▶ **Work instructions**
Look through the entries below and copy exactly the part that begins with the line containing "Автомобильный мультимедийный плеер" and ends with the line containing "本屆展會在展區(qū)規(g". Do not copy the pictures.

Dataset excerpts
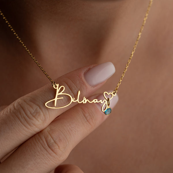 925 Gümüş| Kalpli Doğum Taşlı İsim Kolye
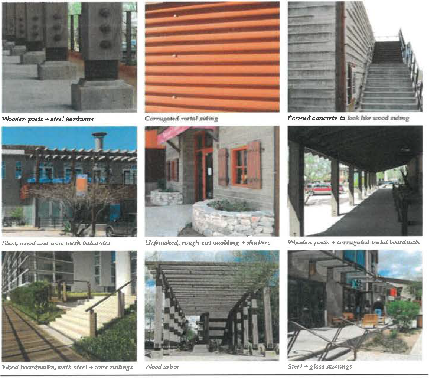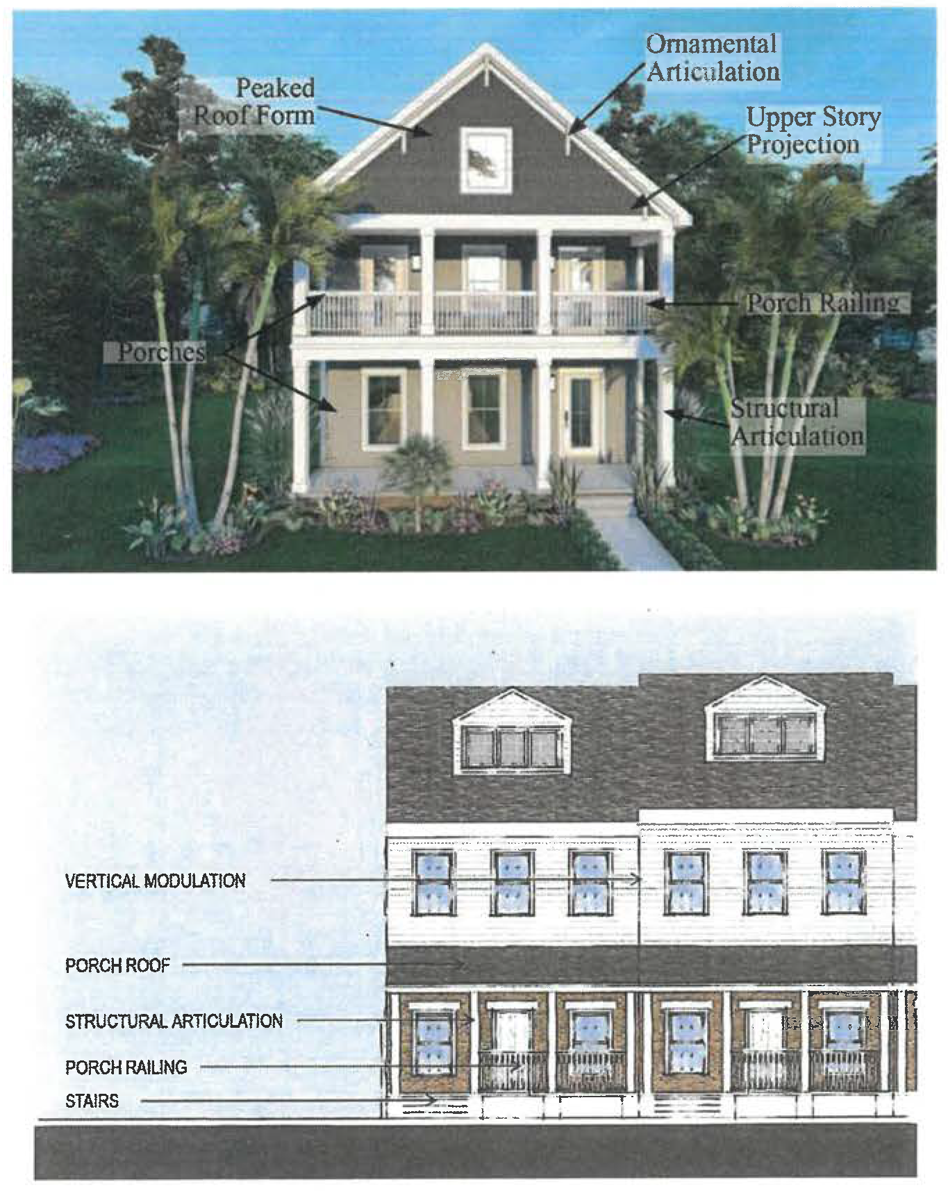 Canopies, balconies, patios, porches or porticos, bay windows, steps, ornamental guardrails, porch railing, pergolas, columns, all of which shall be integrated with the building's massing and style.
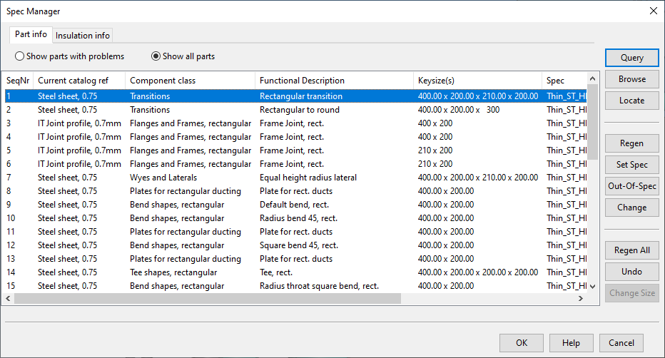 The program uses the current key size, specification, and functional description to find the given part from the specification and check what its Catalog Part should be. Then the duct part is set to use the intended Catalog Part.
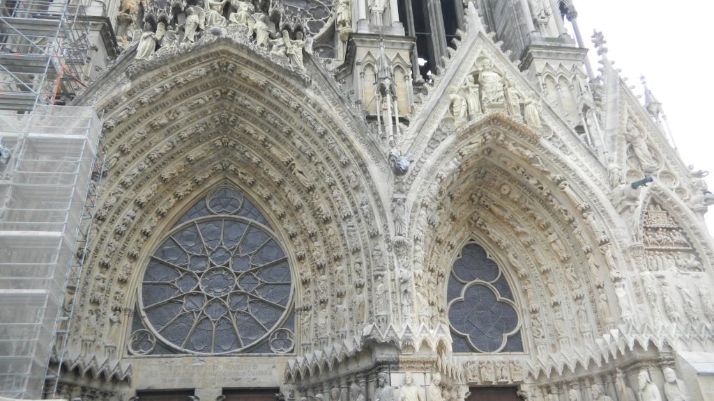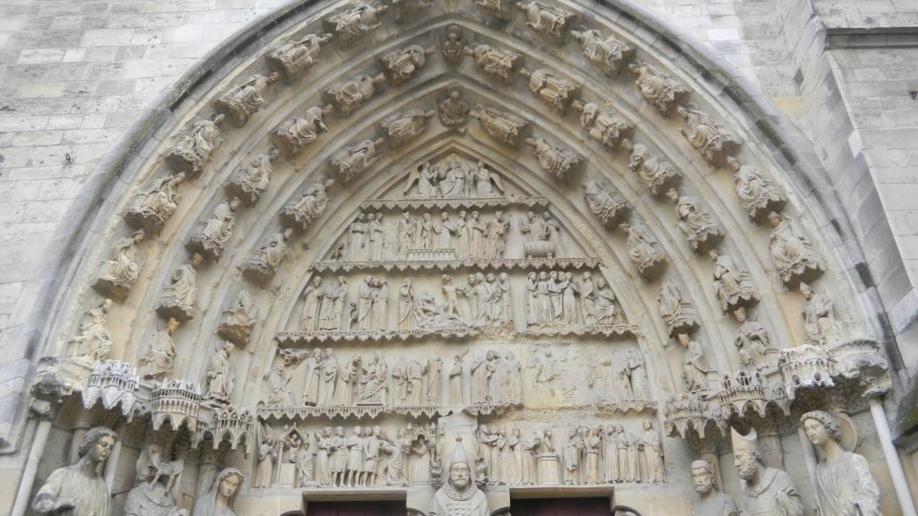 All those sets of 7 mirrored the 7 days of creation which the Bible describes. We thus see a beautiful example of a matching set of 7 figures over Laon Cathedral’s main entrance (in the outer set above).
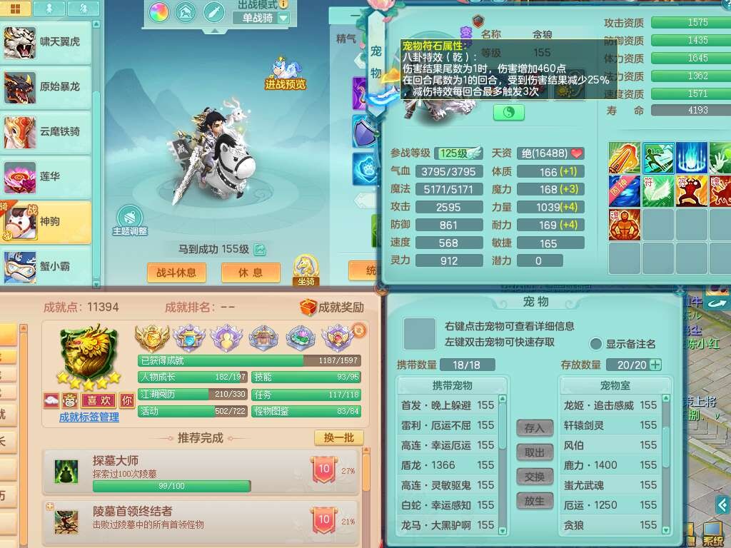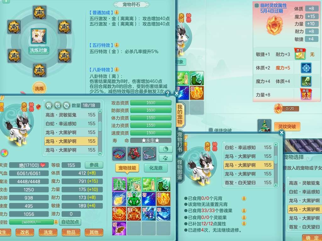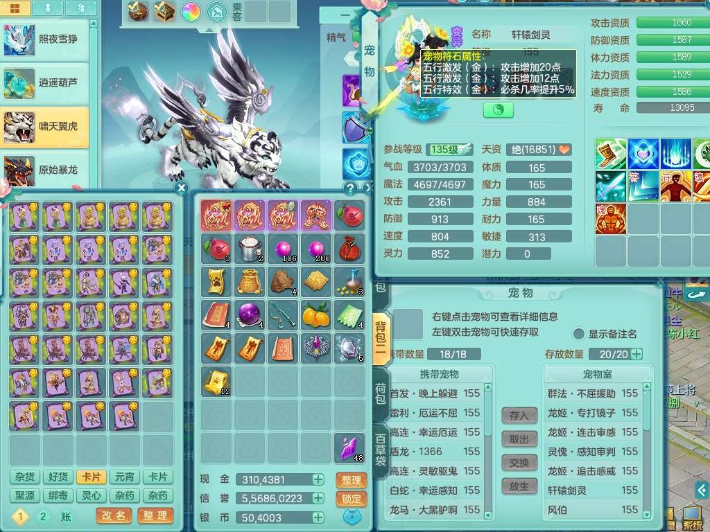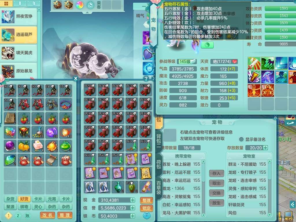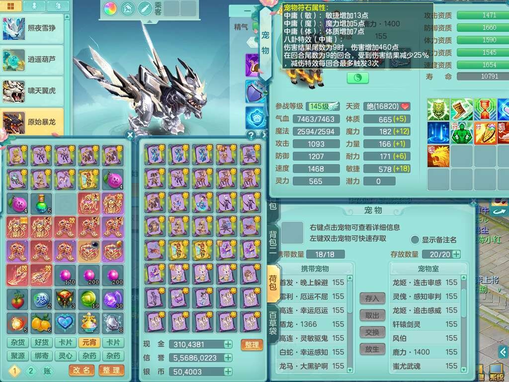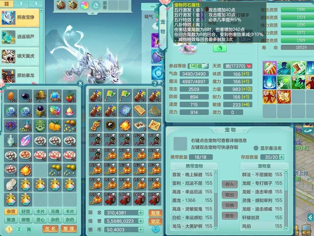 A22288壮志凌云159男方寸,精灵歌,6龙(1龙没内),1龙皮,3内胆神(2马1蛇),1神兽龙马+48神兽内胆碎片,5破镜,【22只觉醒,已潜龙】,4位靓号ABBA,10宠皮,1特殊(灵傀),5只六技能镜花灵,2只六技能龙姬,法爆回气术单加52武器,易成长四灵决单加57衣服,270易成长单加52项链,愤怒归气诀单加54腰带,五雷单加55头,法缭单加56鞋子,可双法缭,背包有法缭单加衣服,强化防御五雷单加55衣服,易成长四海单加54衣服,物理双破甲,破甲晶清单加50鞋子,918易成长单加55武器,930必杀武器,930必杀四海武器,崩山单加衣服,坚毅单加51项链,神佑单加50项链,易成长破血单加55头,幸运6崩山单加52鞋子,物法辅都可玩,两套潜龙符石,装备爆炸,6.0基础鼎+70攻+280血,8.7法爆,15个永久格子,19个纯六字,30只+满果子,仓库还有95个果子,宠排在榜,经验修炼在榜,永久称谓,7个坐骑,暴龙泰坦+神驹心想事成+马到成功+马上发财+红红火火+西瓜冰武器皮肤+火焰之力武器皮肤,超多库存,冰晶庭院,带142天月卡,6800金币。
--
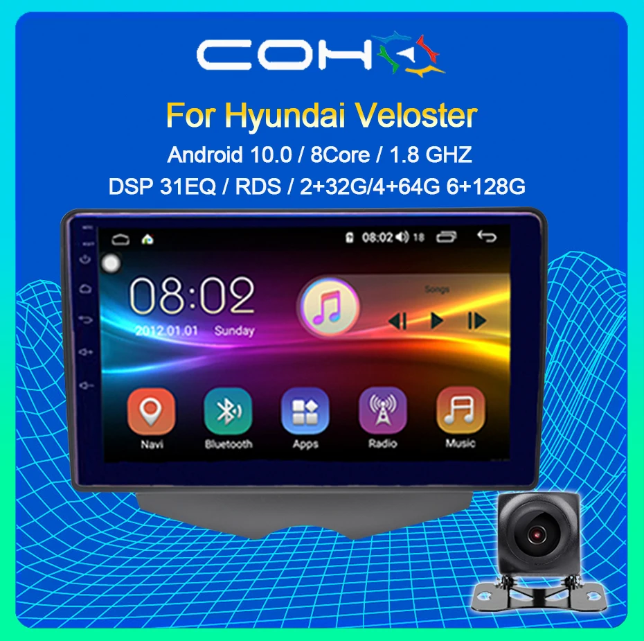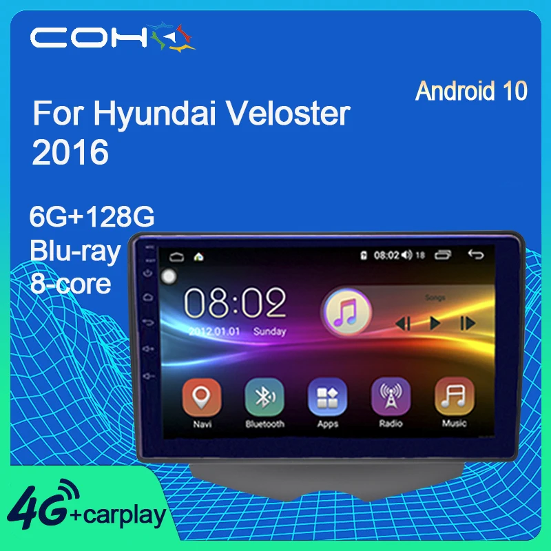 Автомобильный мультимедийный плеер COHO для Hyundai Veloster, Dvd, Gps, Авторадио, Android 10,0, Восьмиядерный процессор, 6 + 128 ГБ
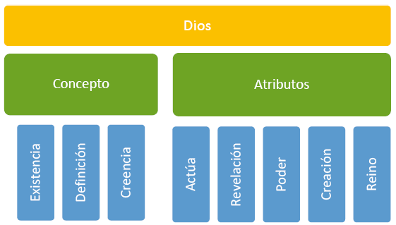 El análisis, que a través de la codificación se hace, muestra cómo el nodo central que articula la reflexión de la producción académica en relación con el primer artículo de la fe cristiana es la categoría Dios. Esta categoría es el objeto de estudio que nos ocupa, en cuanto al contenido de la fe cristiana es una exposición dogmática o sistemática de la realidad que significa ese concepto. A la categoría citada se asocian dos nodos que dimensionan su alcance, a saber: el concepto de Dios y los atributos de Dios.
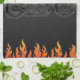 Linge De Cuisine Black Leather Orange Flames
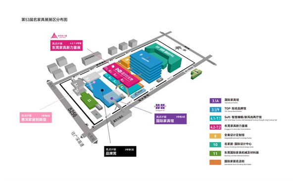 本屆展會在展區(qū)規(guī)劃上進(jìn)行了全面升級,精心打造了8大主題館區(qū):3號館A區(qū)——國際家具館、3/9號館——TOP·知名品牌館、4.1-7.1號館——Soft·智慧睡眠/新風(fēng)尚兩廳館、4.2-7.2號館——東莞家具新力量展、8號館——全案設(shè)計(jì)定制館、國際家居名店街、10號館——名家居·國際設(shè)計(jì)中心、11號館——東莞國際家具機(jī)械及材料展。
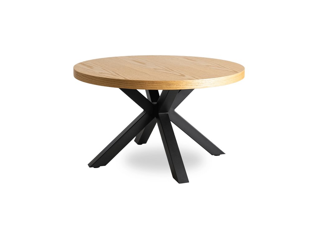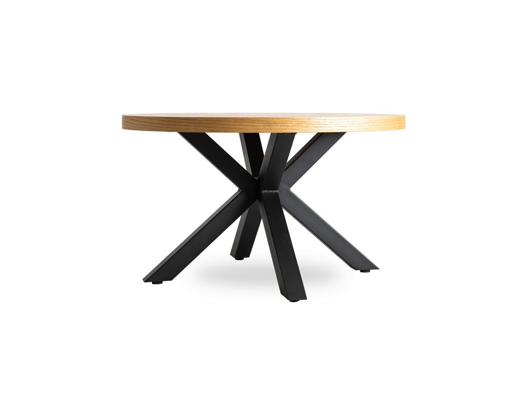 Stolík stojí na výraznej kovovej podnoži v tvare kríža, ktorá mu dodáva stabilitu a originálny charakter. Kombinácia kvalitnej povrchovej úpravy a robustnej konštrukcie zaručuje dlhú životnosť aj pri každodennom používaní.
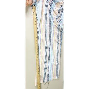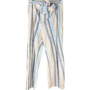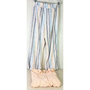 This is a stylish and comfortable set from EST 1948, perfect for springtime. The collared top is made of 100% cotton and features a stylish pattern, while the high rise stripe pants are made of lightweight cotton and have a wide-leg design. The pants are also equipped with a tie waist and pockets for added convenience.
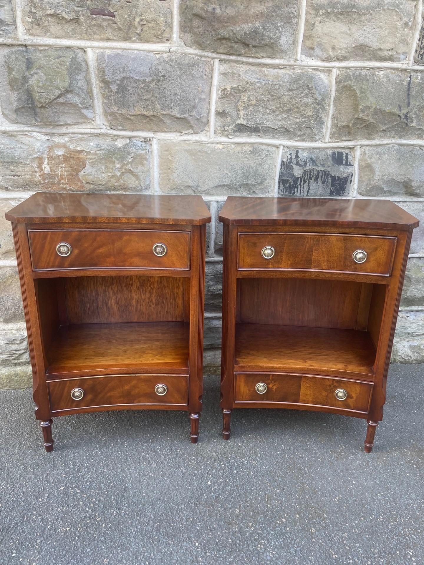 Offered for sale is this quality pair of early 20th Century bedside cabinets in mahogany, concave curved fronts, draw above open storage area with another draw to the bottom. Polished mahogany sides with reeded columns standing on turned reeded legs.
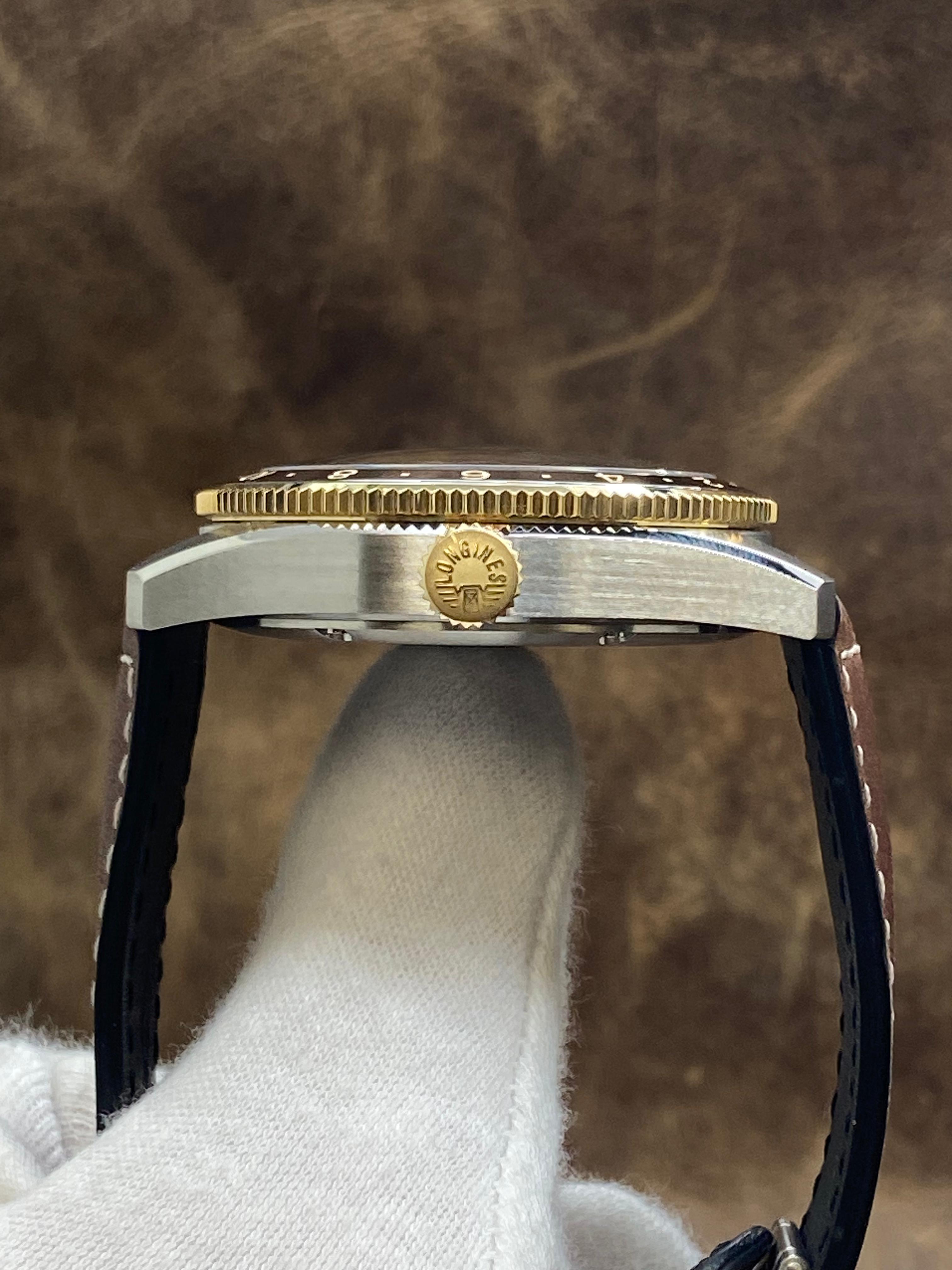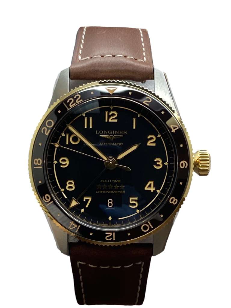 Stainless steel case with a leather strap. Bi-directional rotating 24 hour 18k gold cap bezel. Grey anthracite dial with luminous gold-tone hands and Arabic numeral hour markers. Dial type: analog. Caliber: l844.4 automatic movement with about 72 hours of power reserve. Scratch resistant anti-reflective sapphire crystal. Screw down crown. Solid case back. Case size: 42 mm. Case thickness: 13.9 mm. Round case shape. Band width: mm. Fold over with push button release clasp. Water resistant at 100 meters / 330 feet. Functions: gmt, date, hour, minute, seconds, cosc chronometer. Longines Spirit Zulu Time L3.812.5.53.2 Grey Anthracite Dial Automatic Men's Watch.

▶ **Solution to this task**
 Автомобильный мультимедийный плеер COHO для Hyundai Veloster, Dvd, Gps, Авторадио, Android 10,0, Восьмиядерный процессор, 6 + 128 ГБ
 El análisis, que a través de la codificación se hace, muestra cómo el nodo central que articula la reflexión de la producción académica en relación con el primer artículo de la fe cristiana es la categoría Dios. Esta categoría es el objeto de estudio que nos ocupa, en cuanto al contenido de la fe cristiana es una exposición dogmática o sistemática de la realidad que significa ese concepto. A la categoría citada se asocian dos nodos que dimensionan su alcance, a saber: el concepto de Dios y los atributos de Dios.
 Linge De Cuisine Black Leather Orange Flames
 本屆展會在展區(qū)規(guī)劃上進(jìn)行了全面升級,精心打造了8大主題館區(qū):3號館A區(qū)——國際家具館、3/9號館——TOP·知名品牌館、4.1-7.1號館——Soft·智慧睡眠/新風(fēng)尚兩廳館、4.2-7.2號館——東莞家具新力量展、8號館——全案設(shè)計(jì)定制館、國際家居名店街、10號館——名家居·國際設(shè)計(jì)中心、11號館——東莞國際家具機(jī)械及材料展。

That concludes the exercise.